Cash Reserves Rising
The “2019 Cash Management Survey” was completed in September by treasury executives across all industries. Twenty-nine percent of respondents work in companies with annual revenues of less than $100 million; 22 percent earn $100 million to $1 billion; 29 percent have revenues of $1 billion to $10 billion; and 27 percent exceed $10 billion.
The survey’s most compelling results, according to BELLIN head of customer advisory Rüdiger Schlecht, include the fact that far more organizations increased cash reserves in the past year (42 percent) than reduced cash reserves (22 percent). See Figure 1.
Schlecht holds up two of the survey’s other findings as also noteworthy: First, that nearly two-thirds of responding organizations (62 percent) are net investors as opposed to net borrowers (38 percent). And second, that 31 percent of global companies plan to reduce, during the next year, the portion of cash and short-term investments that they hold abroad.
You May Also Like
Overall, the survey found that companies continue to increase their cash reserves, which likely reflects a response to an increasingly uncertain global business environment, Nguyen notes. He also points out that some companies are tempering their pace of growth in response to the global slowdown. Some of these companies may have begun reducing capital expenditures more than a year ago, “and we’re now seeing the effect of growth slowdown,” Nguyen adds.
Michael Kolman, ION Treasury Chief Strategy Officer for ION Treasury, agrees. “Uncertainty related to geopolitical risk is having a notable impact on cash management practices across industries this year, and we expect that to continue,” she says. “Another related external factor that is affecting cash management—and particularly cash pooling around the world—is the shifting tax and regulatory landscape.”
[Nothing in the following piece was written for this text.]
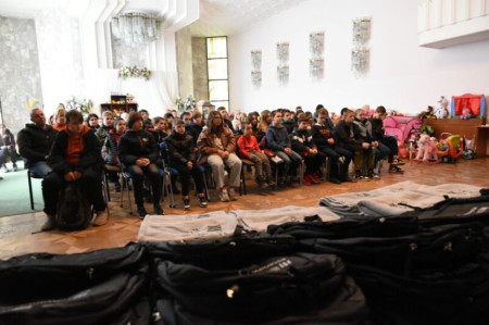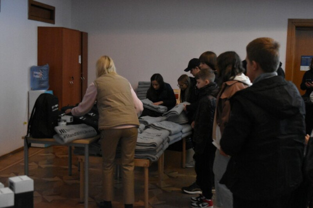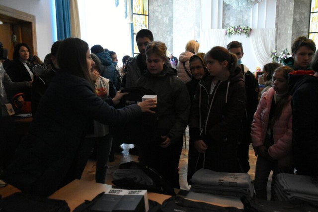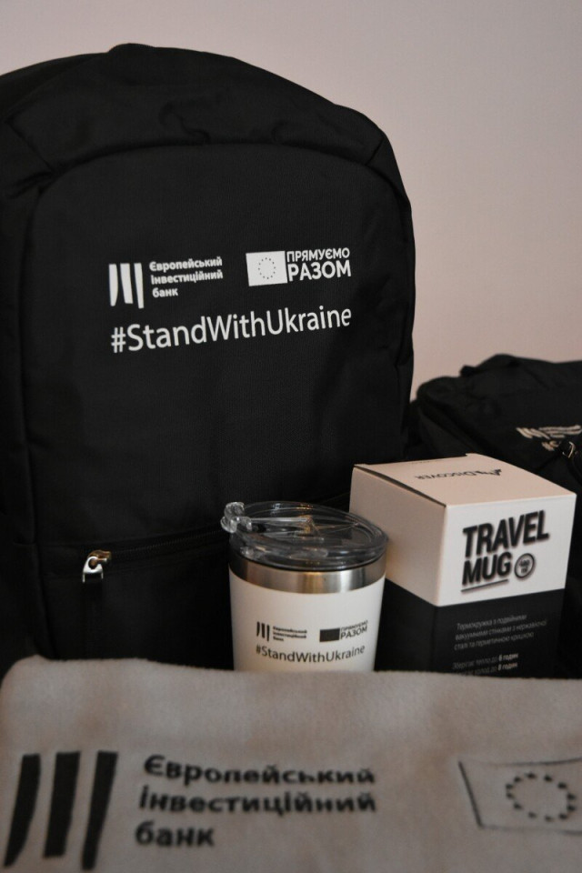 50 дітей вказаних категорій підліткового віку отримали у подарунок так звані «тривожні наплічники» – рюкзаки, пледи та термокружки з логотипом Європейського інвестиційного банку (ЄІБ). З цією фінансовою установою Луцьк поєднує багатолітня плідня співпраця, тож «тривожні наплічники» стали черговим проявом солідарності європейських партнерів.

Increases in operating cash flows (cited by 25 percent of respondents), reductions in operating cash flows (18 percent), reduction in capital expenditures (9 percent), merger and acquisition (M&A) activity (9 percent), and reduction in corporate debt (8 percent) mark the factors that survey respondents said had the most influence on their corporate cash reserves in the past year. When comparing the 2019 results against last year’s survey results, it is worth noting that more organizations experienced a reduction in operating cash flows in 2019.
It is also notable that the proportion of companies reducing corporate debt (8 percent) and/or reducing capital expenditures (9 percent) in 2019 effectively doubled compared with the 2018 iteration of the same survey. These reductions in capex and corporate debt, Nguyen says, are a “clear signal that companies are wary of uncertainty in the business climate” and are “shoring up their balance sheet to weather any adverse financial downturn in the economy.” See Figure 2.
When treasury professionals project how they expect their organization’s cash reserves to change in size during the next year, 41 percent expect reserves to increase, 43 percent project no significant change, and 17 percent expect a decrease (with roughly three-quarters of that final group expecting a decrease of less than 10 percent). However, compared with the 2018 survey, significantly fewer respondents said they expect cash reserves to increase by more than 10 percent over the next year—13 percent in 2019, vs. 29 percent in 2018.
The factors that respondents expect to influence their cash reserves in the future also changed significantly. In last year’s survey, 41 percent of respondents indicated that increases in operating cash flows would have the largest influence on corporate cash in the coming year. This year, however, only 24 percent of respondents expect increases in operating cash to have the most significant impact on cash reserves. Additionally, nearly twice as many respondents this year (15 percent in 2019, vs. 8 percent in 2018) expect a reduction in operating cash flows to have the largest impact on their cash reserves over the next year.
“It suggests that companies are slowing down their pace,” Nguyen reports, “and some effect of the global business slowdown may already be taking hold.” This year’s survey respondents also think that uncertainty in the global business climate (due to events such as Brexit), as well as trade policy and tariffs, will have a much greater impact on cash reserves during the coming year than last year’s respondents predicted. See Figure 3.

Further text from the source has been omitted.